Yeah i need your help and your experience will come in handy.Also have you heard about 24FPS?Its a annual contest run by MAAC all over india.Search it on youtube you will find some movies made by MAAC students.They make a team of minimum 5-6 students and they work on a movie for 6 months or so.That gives not only experience but also the opportunity to impress big companies at FPS awards.


----------



## VideoEditingIndia (Nov 1, 2007)

24fps? Good, Are you shooting or rendering?

Give the link for your project, I will comment if possible...


----------



## gaurav_indian (Nov 1, 2007)

VideoEditingIndia said:
			
		

> 24fps? Good, Are you shooting or rendering?
> 
> Give the link for your project, I will comment if possible...


My maya classes will start from december.So i will be able to take part in FPS next year.


----------



## Pathik (Nov 2, 2007)

@gaurav wich animation course r u doing ??? fees??


----------



## ajaybc (Nov 2, 2007)

Which one Has more scope and is better? -Animation(Maya,3d max etc.) or Visual FX(motioncapture,wire removal,blue/green screen,photoshop,illustrator and all those stuff)

Please reply quickly


----------



## VideoEditingIndia (Nov 2, 2007)

Both are having good scope. Visual Effects is not only wire removal & matting. It's also includes Compositing, Rotoscoping, Titling, Ramping etc... 

Go to Animation line if you are good at photography/Cinematography. its all about creativity.
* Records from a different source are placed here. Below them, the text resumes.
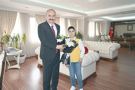 Makamında temsili Vali ve beraberinde İl Milli Eğitim Müdürü Yaşar Ciğer, öğrencinin öğretmenleri Murat Üney ve Özge Yılmaz Ökçü’yü ağırlayan Vali Canalp, ziyaretlerinden dolayı kendilerine teşekkür etti.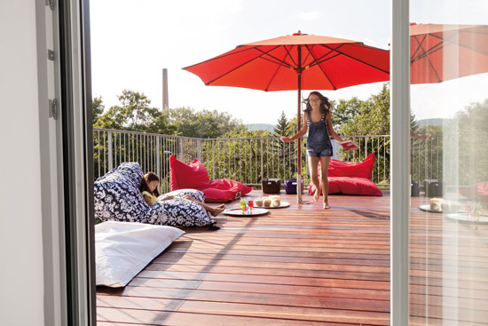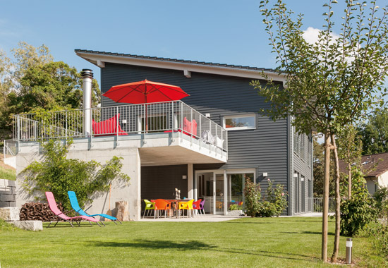 Gemäß dem Minergie-P-Konzept, wonach eine größere Fassadenfläche auch mehr Wärme entweichen lässt, ist der Baukörper schlicht gehalten und mit einem architek-tonisch gut dazu passenden Pultdach versehen. Dezente Französische Balkongeländer aus Glas, von der Baufamilie in Eigenleistung beige- bracht, verleihen dem Haus seine besondere Note. „Eigentlich hatten wir uns ja eine Eternitfassade vorges-tellt“, sagt Erich Ritzmann. „Man riet uns im Ausstattungszentrum aber davon ab – eine Holzfassade sei viel kostengünstiger und ökologischer. Eine gute Idee.“ Auch die Entscheidung für Holz-Alu-Fensterrahmen fiel aufgrund nachhaltiger Überle- gungen, denn sie sind langlebig und dabei wartungsarm. „Die zwei Tage Bemusterung bei SchwörerHaus waren hart, aber danach war unser Haus definiert und wir mussten nicht mehr ständig neue Entscheidungen treffen“, erzählt der Bauherr. „Nach der Kellermontage dauerte der Hausaufbau selbst dann nur drei Tage. Im Vergleich zu Freunden, die zur gleichen Zeit Häuser gebaut haben, war unsere Bauzeit regelrecht entspannend.“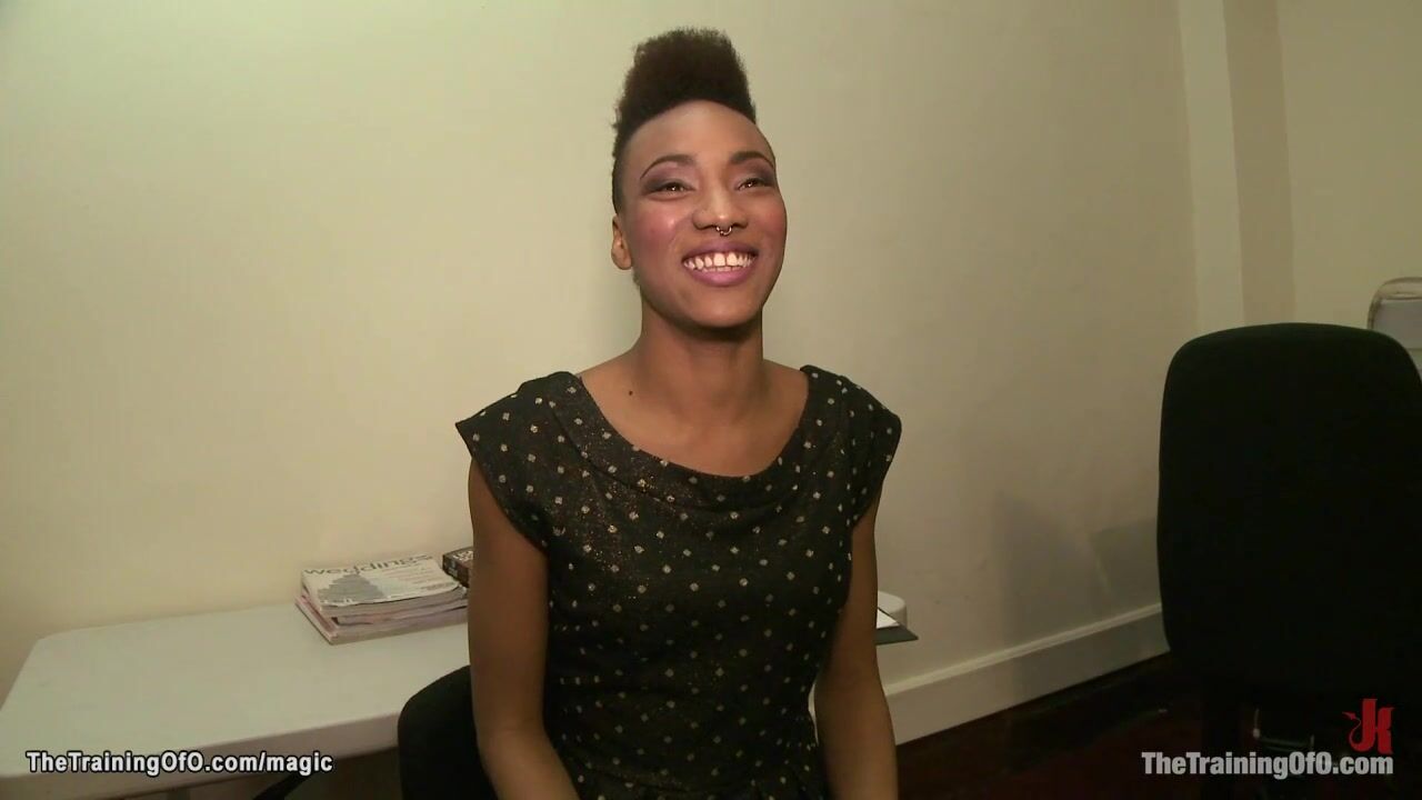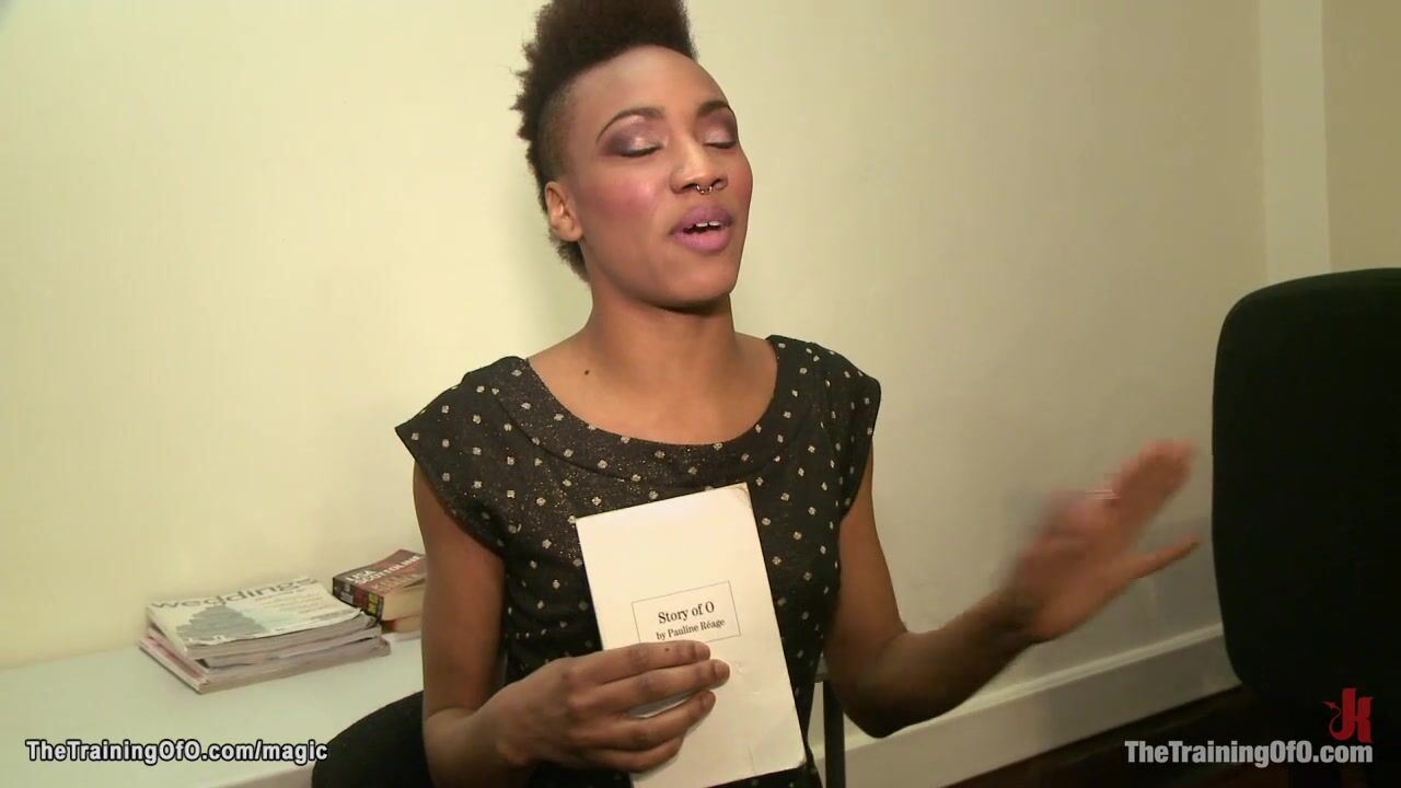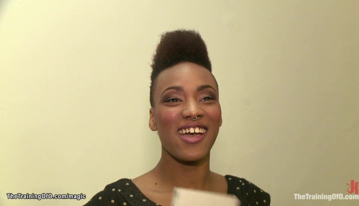Master James Mogul gags and binds ebony slave trainee Nikki Darling and whips her pussy then makes her squating on black dildo and endure pain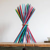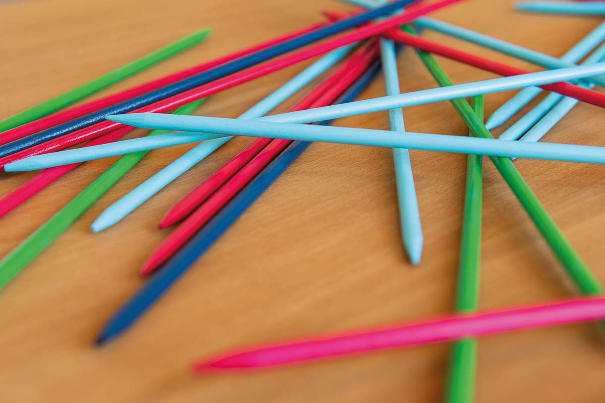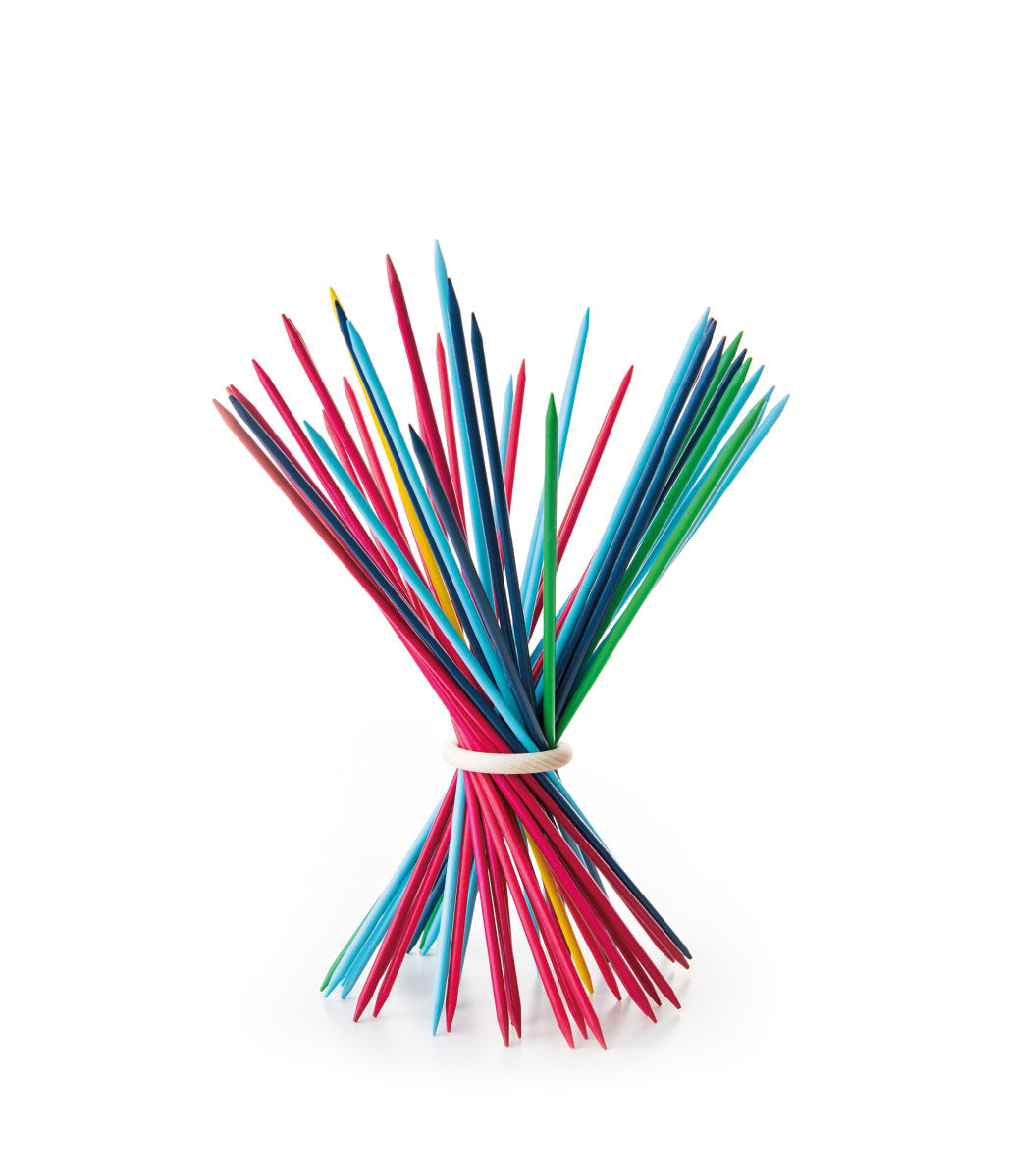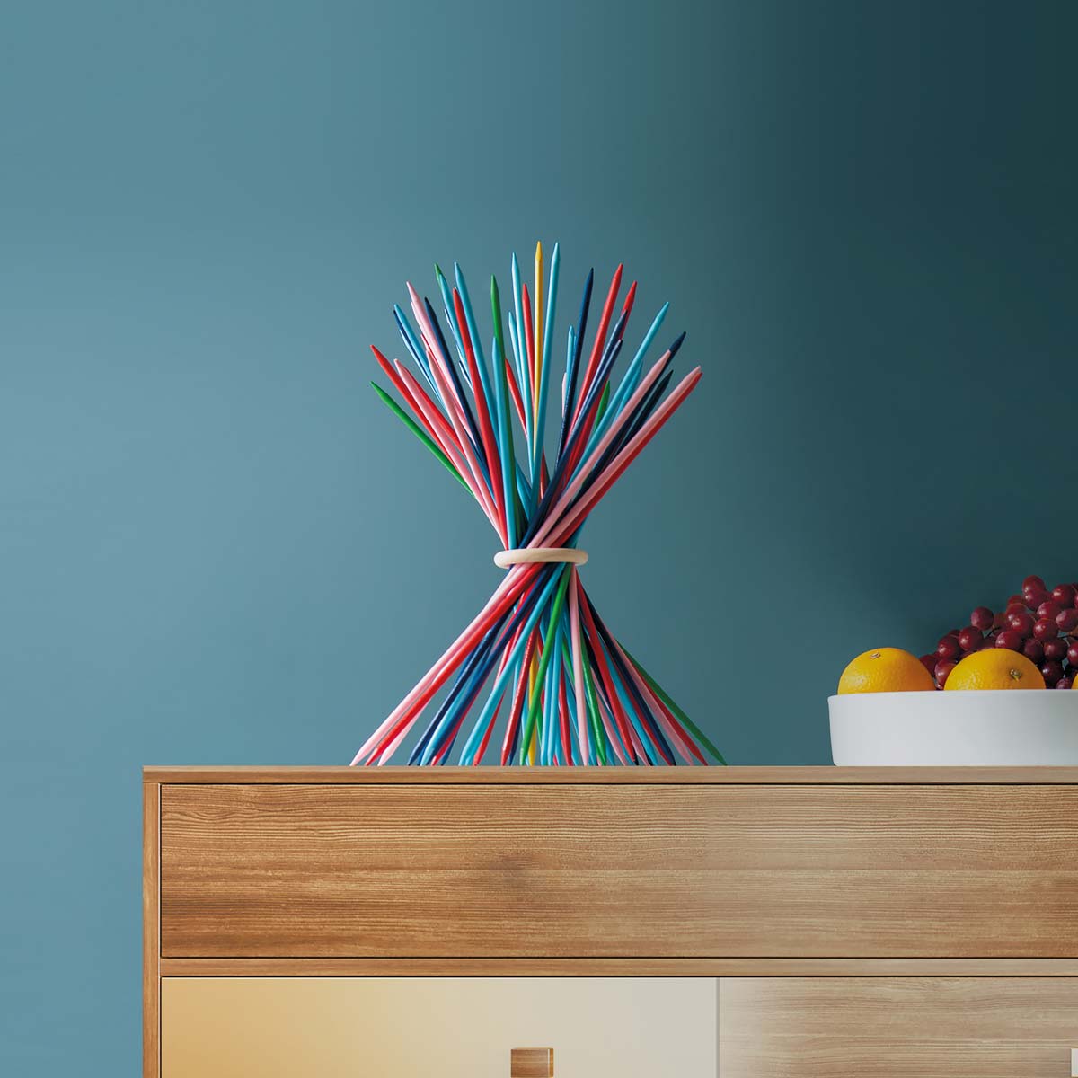 The 50 pine wood sticks are painted in five different colours and can easily be held together with a wooden ring. The sticks can be placed decoratively as a kind of colourful bouquet on a desk or sideboard. Stickado can also be used for the classic skill game Mikado, which tries to pick up one staff after the other without the fallen pile shaking.

Go to VFX line if you are good at editing/programming. its all about knowledge.


----------



## tango_cash (Nov 15, 2007)

great thread people.thanks for the _gyan_


----------



## gaurav_indian (Nov 15, 2007)

tango_cash said:
			
		

> great thread people.thanks for the _gyan_


If you have any knowledge about animations etc do share with us.


----------



## jal_desai (Apr 8, 2009)

Hello ppl... i just finished my bachelor of Engg and have taken up a software job. then i realised i was not born for it. i loved vfx, compositing and editing too much so i just learnt it while sitting at home. Here is a small demo of wat i have made... experts plz review it and predict if i can make this as my career. I wish to join MAAC in June 09 and hope to know more things. And i m sorry for bumping an old thread. heres my small demo:
*www.youtube.com/watch?v=aJ1JYz8zh44


----------